The University of Plymouth Students' Union (UPSU) is based on the University of Plymouth campus, in the Drake Circus area of Plymouth, Devon, England.

With about 30,000 student members it is one of the largest student unions in the UK, and hosts a wide array of events and offers services to all students.

Officers and Representatives

Sabbatical Officers 
The UPSU Sabbatical Officers are elected in March and decide the day-to-day running of the union. The Sabbatical Team consists of four full-time officers who are current students or have recently graduated as students from the University. Each has their own remit and they also provide academic and national representation for Plymouth students.

Part-time Officers 
Part-time Officers represent particular groups of students and run forums related to their role.

School Representatives 
School Representatives are elected students who share feedback and opinions of students from the Course Reps to the University's schools. They regularly meet with their faculty lead and the VP Education.

Course Representatives 
Course Representatives represent students' specific views on academic matters in their course, they're elected by the students who study that course and pass on any feedback and opinions to the School Representatives.

Committees and Forms

Union Council 
The Union Council (Formerly the Executive Committee and Student Parliament), is made up of 17 part-time officers, 4 elected Sabbatical Officers, and 12 school representatives. It is also attended by the Chief Executive and staff support members. The Chair of the Accountability Board also attends these meetings, to observe and ensure that they are taking place in a fair and democratic manner. The Union Council is in place to make important decisions that effect the student body and ensure that the wide diversity of the student body is fairly represented in these decisions.

Accountability Board 
The Accountability Board is an elected board of students who's role is to scrutinise officers and forms to ensure they're being as fair as they can be, and to hold them to account when they're not.

Student Forums
As well as sitting on Each of the 15 elected forum chairs also runs their own forum. All of the Forums are open for anyone to go along to and take part in discussions, however there are 4 Forums that you would need to identify as a member of that group to vote in Forum decisions. the accountability forum however is only open to elected members, its job is to hold, all members of UEC to account.
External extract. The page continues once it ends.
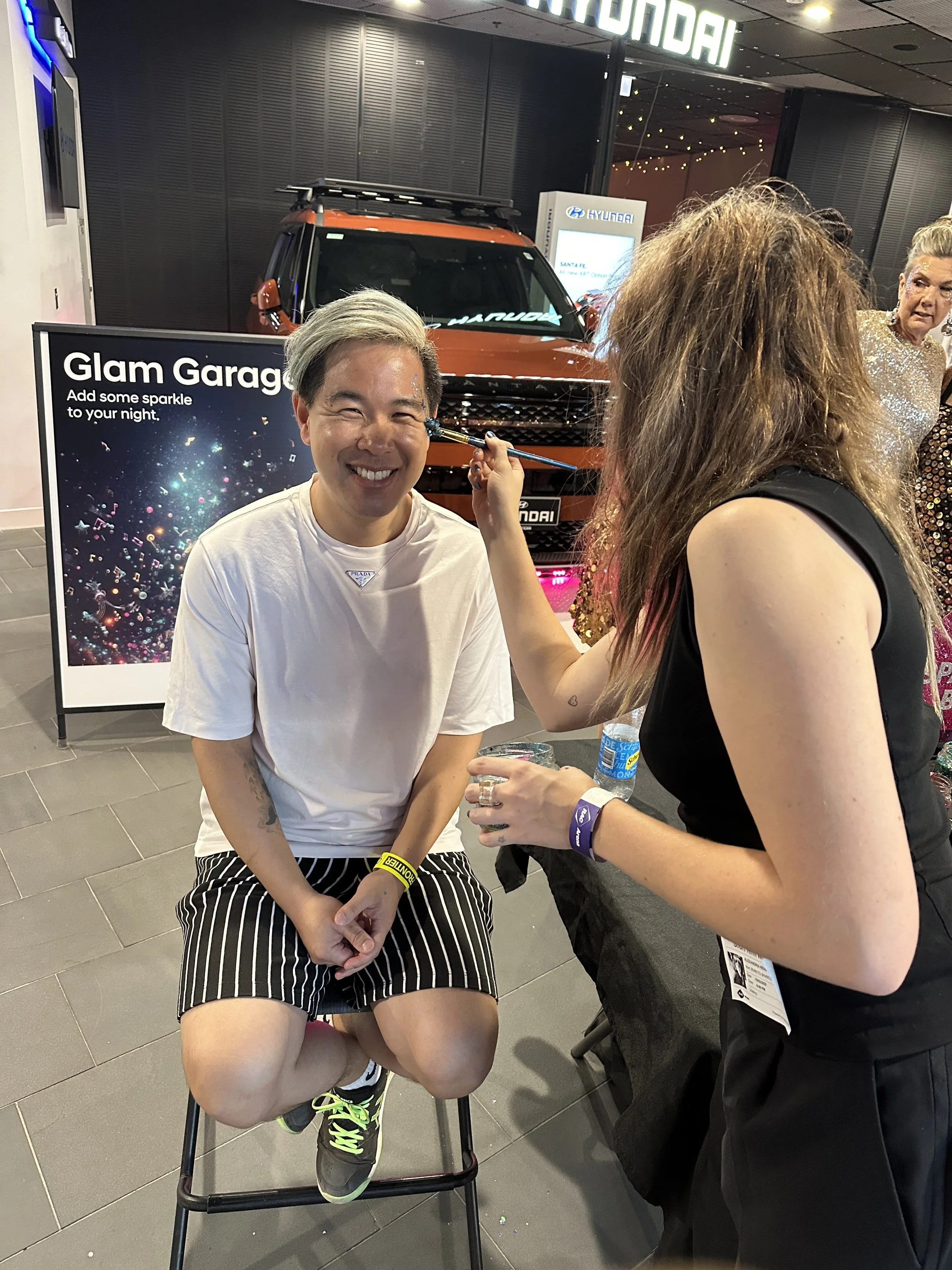 And then I saw a sign for the ‘glam garage,’ which was placed next to a Hyundai SUV, so I assumed it had to do with the car. However, someone else informed me that there was a sparkle bar nearby, where they were offering free body glitter application, and I couldn’t pass up that opportunity. They had many colors to choose from:

List of UPSU student Forums:

 Environment & Sustainability
 Faith & Belief Forum
 Global Students
 Mature Students
 Postgraduate
 Societies
 Sports
 Welfare
 Partner Institutions
 LGBT
 Women's
 Volunteering
 Accountability

Facilities
The student union was refurbished in summer 2014. The main union building is mostly underground; its top bar is known as burst bar serving smoothies, juices and teas adjacent to this is the 'Zig-Zag' bar. At the top of the SU is the lounge selling Costa coffee and sandwiches; below this is 'Illusion' which has a dance floor and pool tables, and is sometimes used for private events. Down from 'Illusion' is the main bar, known as 'Sub:Lime' which is where most of the union's events take place: it has a dance floor with DJ booth and projectors. In 2010 the union's bar won first place in the National Union of Students' Best Bar None competition, which assesses how bars manage student safety.

Attached to the main building on the first floor is an advice centre, open weekdays between 10am and 3pm. It offers to UPSU members a range of free and confidential advice, including financial and academic advice.

The union also operates a small store called SU:Shop which is located opposite the library. The shop sells basic groceries, snacks, lunch meal deals, and University of Plymouth branded merchandise.

The student union also has an accommodation service, located inside it opposite the hive.

Societies and sports clubs
The union supports societies and sports clubs, which are by an elected committee from the clubs' membership. Any student can set up a society.

Sports teams are supported by the union and the university and represent the university.

There is currently 165 societies and sports clubs at the union.

Plymouth Night Patrol 
Plymouth Night Patrol (PNP) is an award-winning society at the union who aim to keep students safe on nights out around the city by supporting students and the emergency services. They operate a control room inside the UPSU on Wednesday, Friday, and Saturday nights.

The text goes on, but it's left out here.